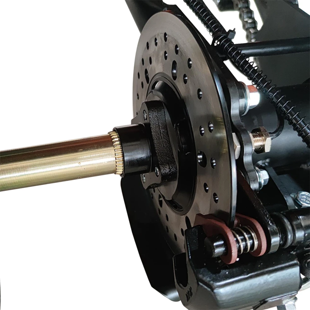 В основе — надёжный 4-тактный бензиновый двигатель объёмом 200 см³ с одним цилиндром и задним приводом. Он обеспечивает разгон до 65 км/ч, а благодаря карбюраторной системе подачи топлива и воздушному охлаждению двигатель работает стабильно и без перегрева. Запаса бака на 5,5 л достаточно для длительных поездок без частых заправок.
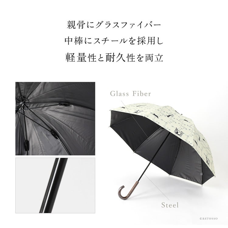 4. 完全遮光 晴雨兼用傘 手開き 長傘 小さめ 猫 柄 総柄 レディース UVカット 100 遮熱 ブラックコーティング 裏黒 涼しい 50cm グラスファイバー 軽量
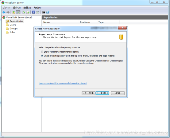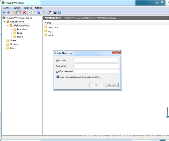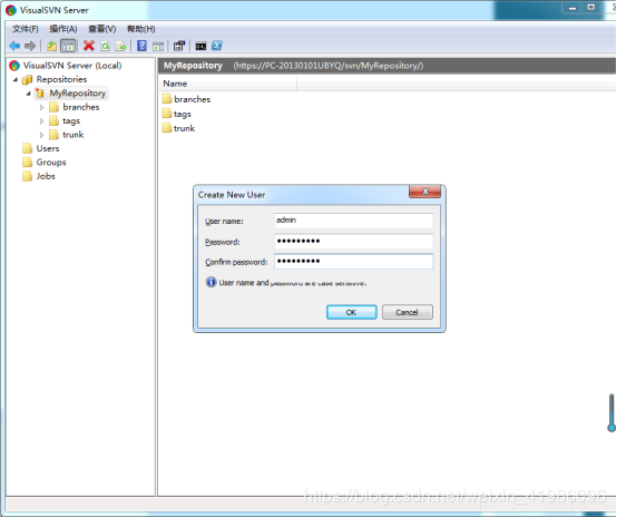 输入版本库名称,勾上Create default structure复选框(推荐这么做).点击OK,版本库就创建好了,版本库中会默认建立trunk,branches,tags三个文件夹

---

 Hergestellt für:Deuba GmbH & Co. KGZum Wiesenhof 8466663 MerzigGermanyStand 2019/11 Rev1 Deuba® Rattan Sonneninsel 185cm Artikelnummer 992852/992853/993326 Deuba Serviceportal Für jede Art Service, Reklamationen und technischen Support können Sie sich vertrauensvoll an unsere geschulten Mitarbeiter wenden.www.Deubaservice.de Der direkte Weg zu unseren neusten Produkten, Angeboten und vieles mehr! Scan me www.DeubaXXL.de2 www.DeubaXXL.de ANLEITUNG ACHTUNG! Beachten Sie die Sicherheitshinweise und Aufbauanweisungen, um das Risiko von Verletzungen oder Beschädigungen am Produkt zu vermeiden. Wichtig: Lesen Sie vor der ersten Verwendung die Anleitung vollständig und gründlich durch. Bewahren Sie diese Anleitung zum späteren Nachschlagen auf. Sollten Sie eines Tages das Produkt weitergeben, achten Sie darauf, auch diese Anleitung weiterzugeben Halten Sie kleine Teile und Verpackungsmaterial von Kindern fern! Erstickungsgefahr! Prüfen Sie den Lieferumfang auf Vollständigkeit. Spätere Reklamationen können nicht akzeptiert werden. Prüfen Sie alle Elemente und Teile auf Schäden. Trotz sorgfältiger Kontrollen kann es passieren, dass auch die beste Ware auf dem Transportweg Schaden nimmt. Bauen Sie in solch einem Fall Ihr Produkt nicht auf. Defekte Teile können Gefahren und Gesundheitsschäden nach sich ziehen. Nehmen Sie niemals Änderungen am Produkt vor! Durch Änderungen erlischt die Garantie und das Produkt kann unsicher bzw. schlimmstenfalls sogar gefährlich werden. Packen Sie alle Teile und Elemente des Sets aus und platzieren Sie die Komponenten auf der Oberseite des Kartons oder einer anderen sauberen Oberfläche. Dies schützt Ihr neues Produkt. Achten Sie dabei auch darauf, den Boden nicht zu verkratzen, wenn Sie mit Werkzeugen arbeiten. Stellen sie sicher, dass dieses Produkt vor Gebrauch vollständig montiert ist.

* [Task requirements]:
What should come back is an exact copy of the lines above from the line with "В основе — надёжный" to the line with "4. 完全遮光 晴雨兼用傘", both included, minus the pictures.

* [Output for this task]:
 В основе — надёжный 4-тактный бензиновый двигатель объёмом 200 см³ с одним цилиндром и задним приводом. Он обеспечивает разгон до 65 км/ч, а благодаря карбюраторной системе подачи топлива и воздушному охлаждению двигатель работает стабильно и без перегрева. Запаса бака на 5,5 л достаточно для длительных поездок без частых заправок.
 4. 完全遮光 晴雨兼用傘 手開き 長傘 小さめ 猫 柄 総柄 レディース UVカット 100 遮熱 ブラックコーティング 裏黒 涼しい 50cm グラスファイバー 軽量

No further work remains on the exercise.